Ready to try? The official quick-start walks through OpenAI-compatible endpoints, streaming, and metrics export in under ten minutes.
What makes vLLM different from other inference engines in 2025?
PagedAttention + continuous batching is the killer combo.
By slicing the KV-cache into 4 KB blocks (exactly like virtual memory), vLLM keeps the GPU saturated even when requests have wildly different lengths. A single NVIDIA H100 running vLLM 0.8.2 can now push 4.17 successful GPT-4o-class requests/sec at 6 req/s load while staying under 8 s P99 latency – numbers that were impossible with static batching last year.
If you want to run the same experiment yourself, the public dashboard at perf.vllm.ai is updated after every commit.
Can I really serve GPT-4o on just one GPU today?
Yes – as long as you are OK with quantization.
FP8 KV-cache + AWQ INT4 weights lets a 70 B parameter checkpoint fit into 48 GB VRAM and still deliver close to original BF16 quality.
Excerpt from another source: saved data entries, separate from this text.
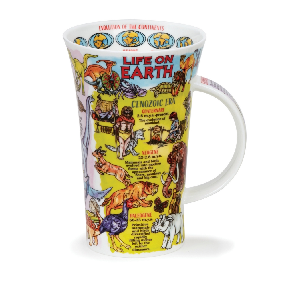 Dunoon fine bone china mugs are handcrafted in Staffordshire, England. They are produced to the highest quality using traditional methods which have been developed and refined over 3 family generations in the pottery industry. This oversized mug, named after one of the greatest Glens in Scotland 'Glencoe', is one of our oldest shapes, yet remains one of our most striking. It has a great presence and our informative and educational patterns have remained the most popular designs on this shape. It has a flared top and a strong, comfortable handle so it feels very solid to hold. From the Pre-Cambrian period, 4600 million years ago, take a journey through time as we explore the evolution of the Earth and its inhabitants, all the way to the present day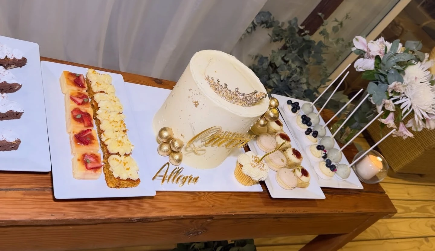 En el frente de la torta se destacaba la inscripción “Birthday Queen”, realizada en un delicado relieve dorado, junto al nombre Allegra, reafirmando el carácter protagónico de la cumpleañera pero sin estridencias. Un mensaje claro, directo y elegante, que resumió el espíritu del festejo: celebrar a la protagonista desde un lugar cálido y personal.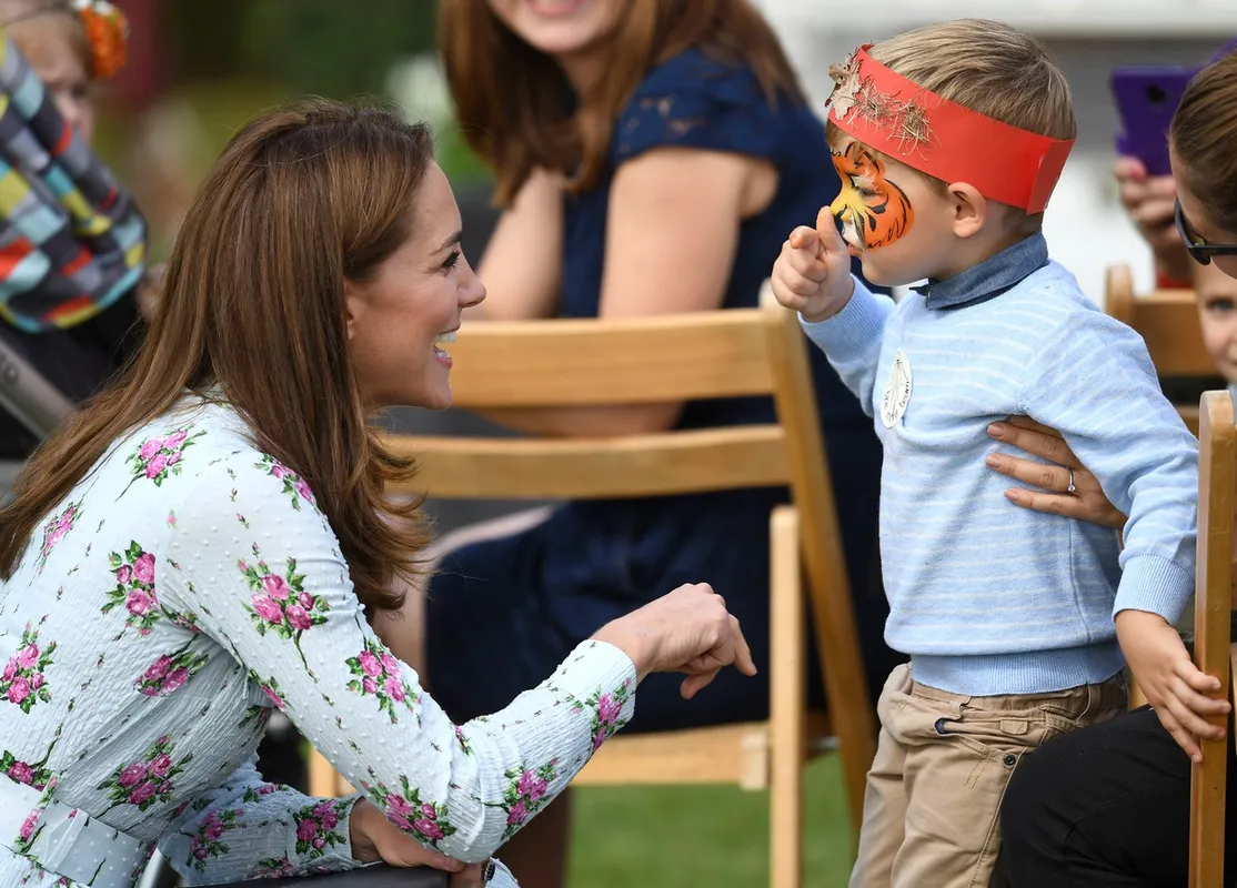 Sugárzóan gyönyörű volt, ahogy beszélgetett és a gyerekekkel játszott virágos Emilia Wickstead ruhájában. Napközben beszélgetett a hároméves Dylannal is, akit megkérdezett a tigrises arcfestésről. A kisfiú azonban nem volt túlzottan lenyőgözve, és zseniális választ adott.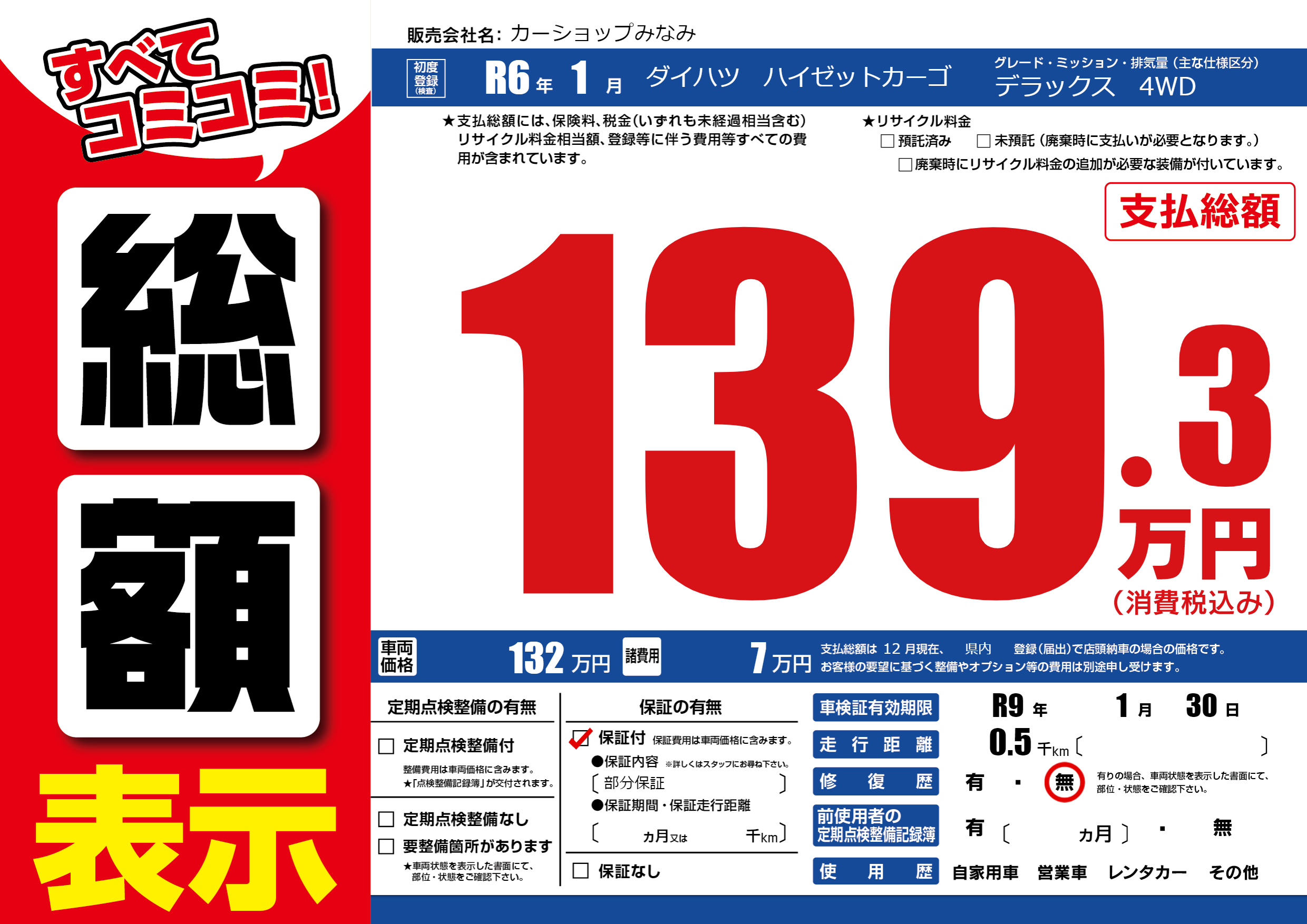 | 車名 | ダイハツ ハイゼットカーゴ | グレード ミッション 排気量 |

Apple M-series chips (via MPS) and AMD MI300X are both supported in the current release, so your laptop or a single-node cloud VM can become a production endpoint.
The catch: MoE models still need token-based expert parallelism when the expert count goes beyond 64, so very large Mixtral-scale checkpoints may still require two GPUs.
How hard is it to move from “docker run” to a real Kubernetes pipeline?
Surprisingly easy thanks to the vLLM Production Stack published earlier this year.
One Helm command spins up:
- router pods that hash prefixes and forward requests to the instance owning the right KV block
- worker pods in either aggregated (one GPU) or disaggregated prefill-decode mode
- Grafana dashboards that show GPU util, cache hit ratio and rolling latency in real time
Users report going from a proof-of-concept to 1 k QPS autoscaling cluster in about two hours on AWS EKS – no custom operators or YAML surgery required.
The templates live at github.com/vllm-project/production-stack.
What decoding tricks does vLLM offer beyond greedy sampling?
Most teams only scratch the surface.
Current features include:
- Speculative decoding with draft models as small as 0.3 B parameters (3.5× median latency cut)
- Grammar-guided / JSON schema decoding via the new
xgrammar
backend - Parallel sampling and beam search without code changes – just flip flags in the OpenAI-compatible REST payload
- Chunked prefill that overlaps prompt ingestion with generation, shaving another 15-20 % off TTFT on long contexts
Which vLLM limitations should I still watch out for?
- LoRA throughput: still 30-40 % slower than base model inference on the same batch size; the team targets parity in vLLM 1.0 (Q3 2025).
- Structured output: deterministic JSON works, but nested arrays with optional fields can break – plan to validate server-side until Q4 fixes land.
- State-space (Mamba) models: experimental branch only; expect 5-10× speed-ups on 1 M+ token contexts once the CUDA kernels stabilize.
Keep an eye on the GitHub milestones – the roadmap is public and milestone dates have slipped by ≤ 2 weeks so far.